In an April 1917 meeting between Herbert Putnam, Librarian of Congress, and the Secretary of War, Putnam suggested that the ALA provide books for the American Army. The President of the ALA then decided that it should assist the war effort (1).  The Louisville Conference of June 22, 1917 accepted the recommendation of the Preliminary Committee that a War Committee be appointed to study the supply of reading matter to the troops; construction, equipping and maintenance of library buildings at military garrisons; and the possibility of raising funds for that purpose (2). This mandate to study the problem was broadened by the Executive Board on August 14, 1917 with the appointment of a War Services Committee authorized to raise and distribute funds to supply books to the troops (3).

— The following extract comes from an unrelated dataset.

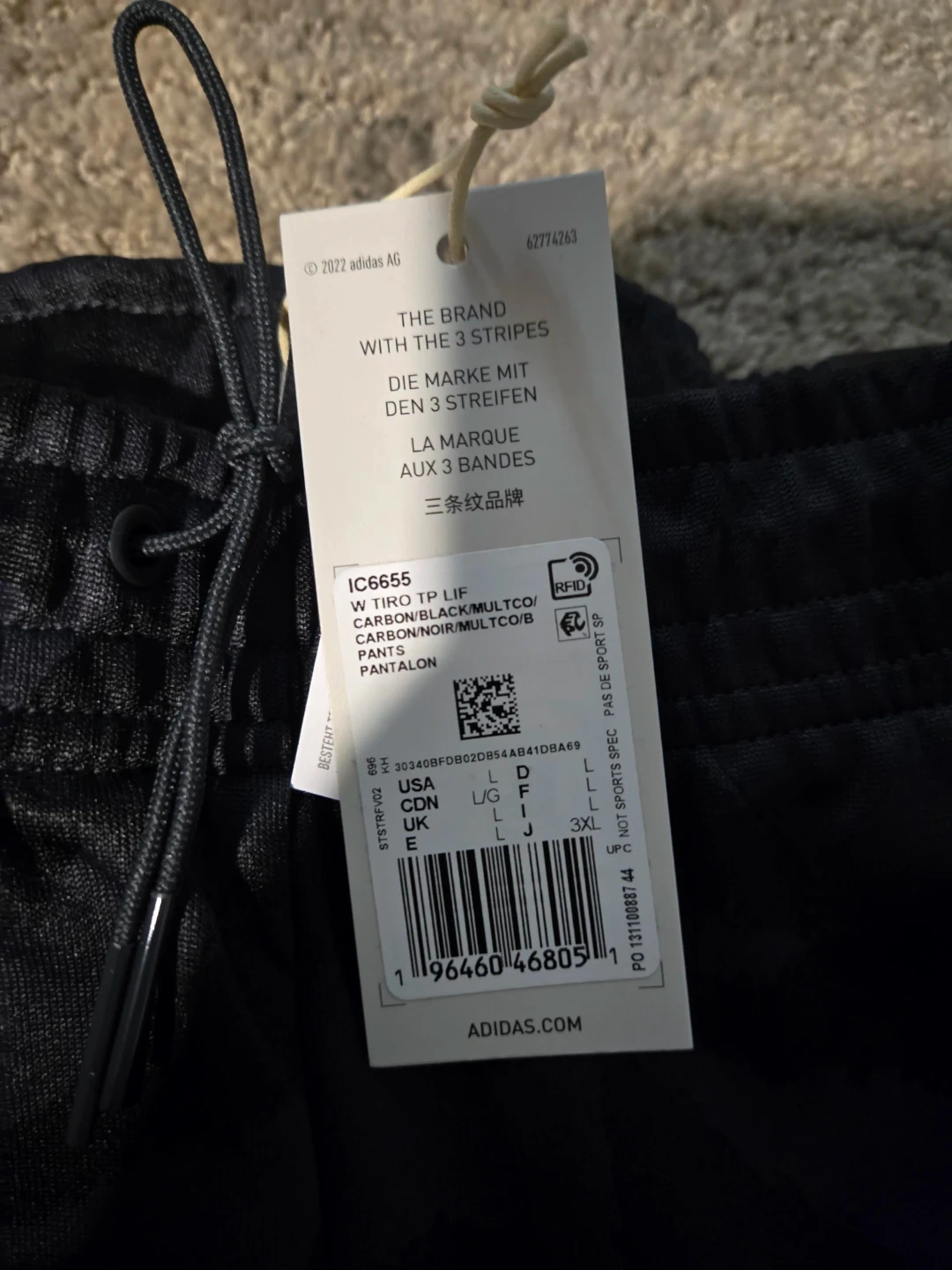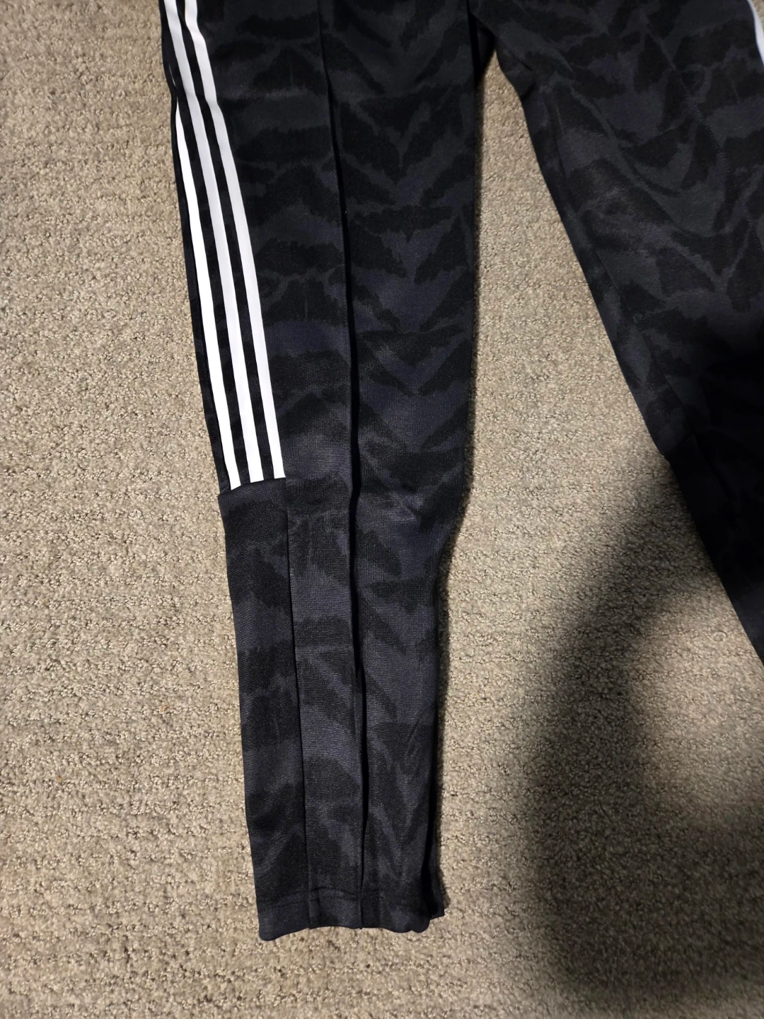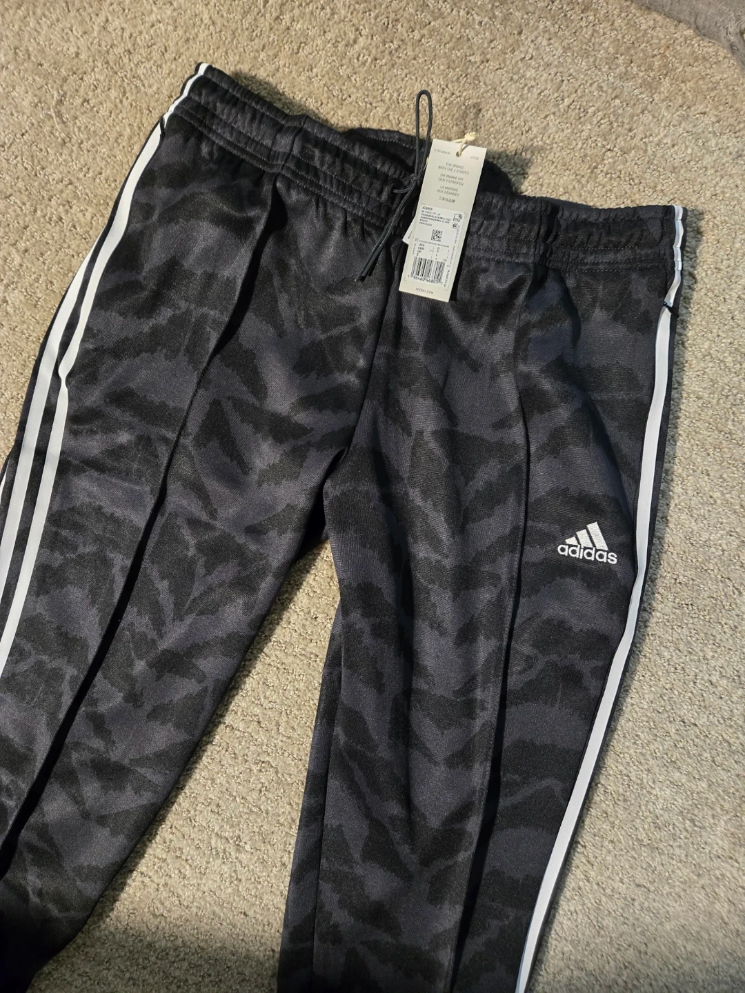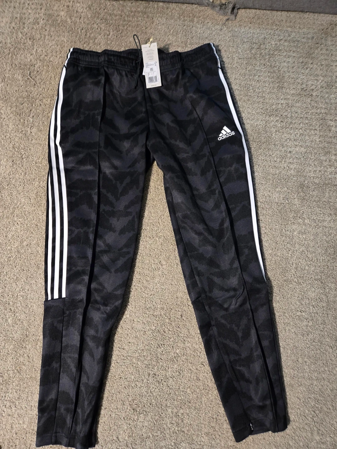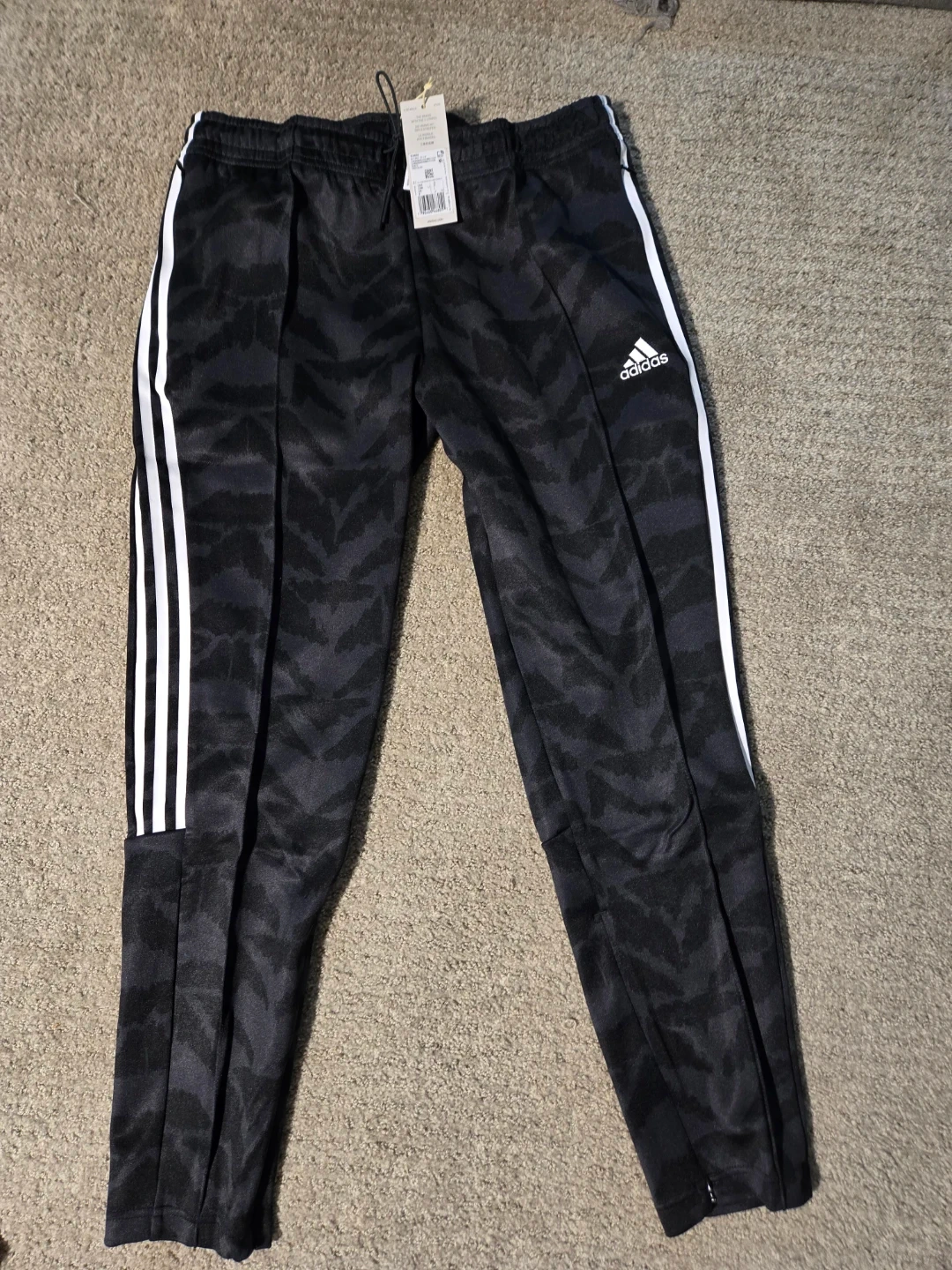 These are Adidas Tiro TP Lf pants. They're black with a grey camo pattern and white stripes. They're a size L.

To facilitate the Committee's mandate, the Executive Board named Herbert Putnam Director General of the War Services Committee and gave him broad authority to hire staff, design and equip buildings, contract for equipment, determine lists of books to be provided, and accept or reject gift reading matter (4).

The War Services Committee ended its operations after the War. By August 21, 1919 the Committee proposed that Army and Navy librarians take over the fund for distributing books to service men, and that the service to hospitals be continued only until the Public Health Service could assume responsibility (5).  On January 3, 1920 the Executive Board took over the work of the Committee, and at its July 15-16, 1920 Meeting, the Board transferred the Library War Services Fund to the ALA Treasury, and abolished the position of Director General of the Library War Services Committee (6).  The ALA continued to provide funds for books for ex-servicemen as late as 1923 (7).

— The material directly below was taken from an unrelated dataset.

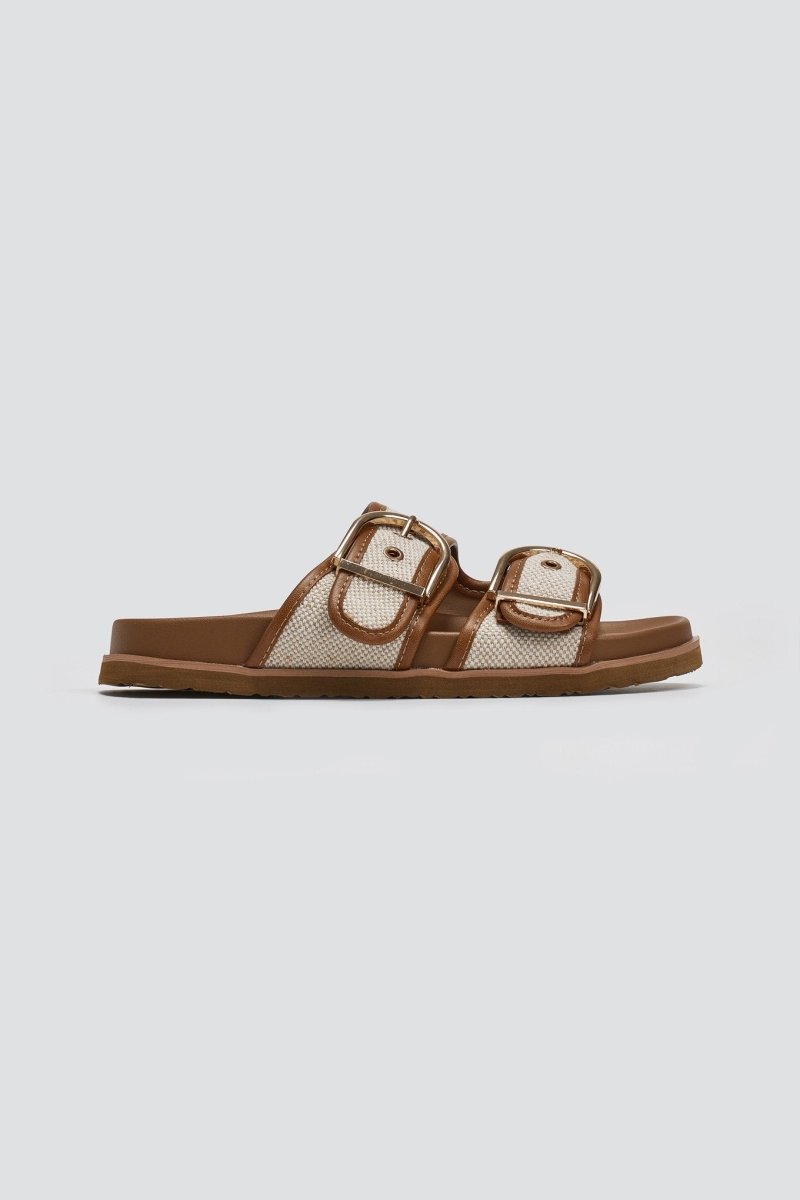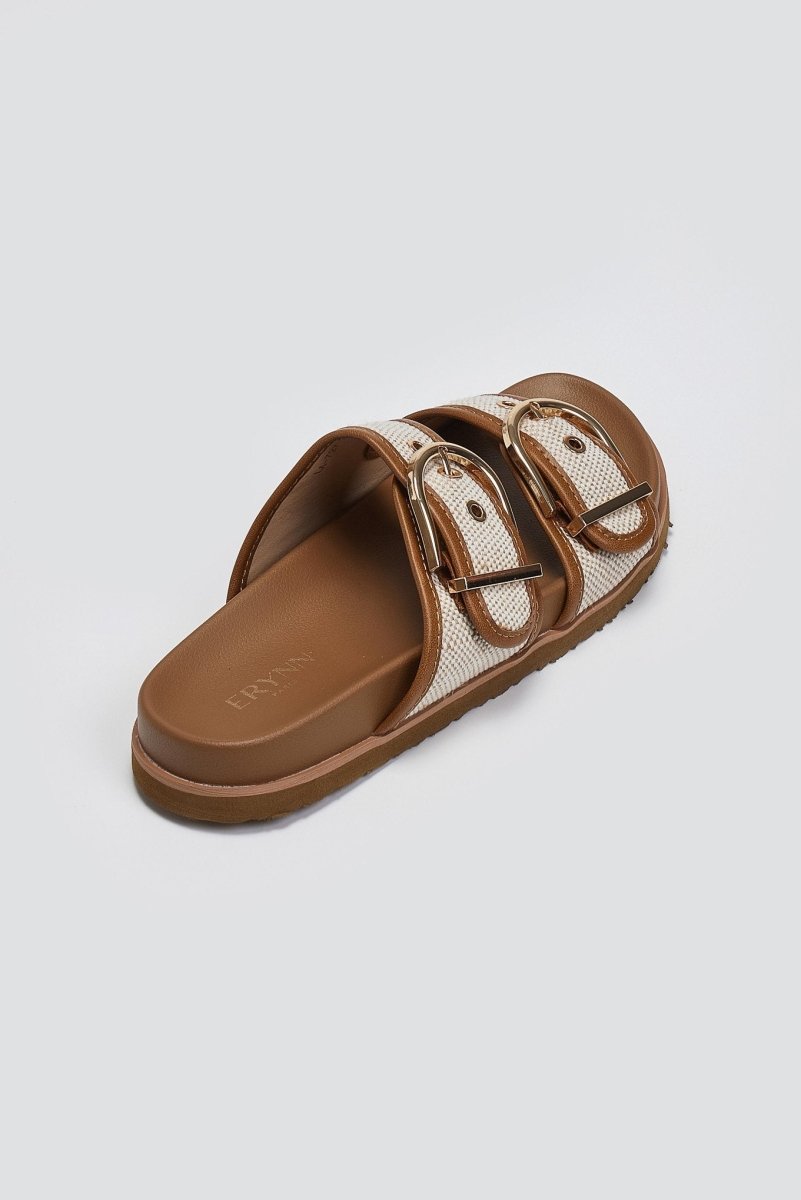 Σανδάλια με υφασμάτινες φάσες και τοκά ERYNN - Κάμελ

During World War II there was an attempt to revive war services.  To prepare for the possibility of war, the Executive Board authorized the President to INT a Committee on Defense Activities on October 7, 1940.  This Committee was to report directly to the Executive Board (8). On December 20, 1941 the Executive Board changed the name of the Committee to the Committee on Libraries and the War.  The mission of the Committee to the Committee on Libraries and the War.  The mission of the Committee was to disseminate information to libraries on "civilian defense and civilian moral" (9).  Subsequently the Executive Board appointed a Committee on War Information and Education, but by June 21, 1942, this Committee was dropped because the government was doing the Committee's work and it was no longer useful (10).

Subject Index
Banned Books
Drury, Frederic K. W.
War Service Booklists
War Services Committee
World War I
Languages of Materials
English [eng]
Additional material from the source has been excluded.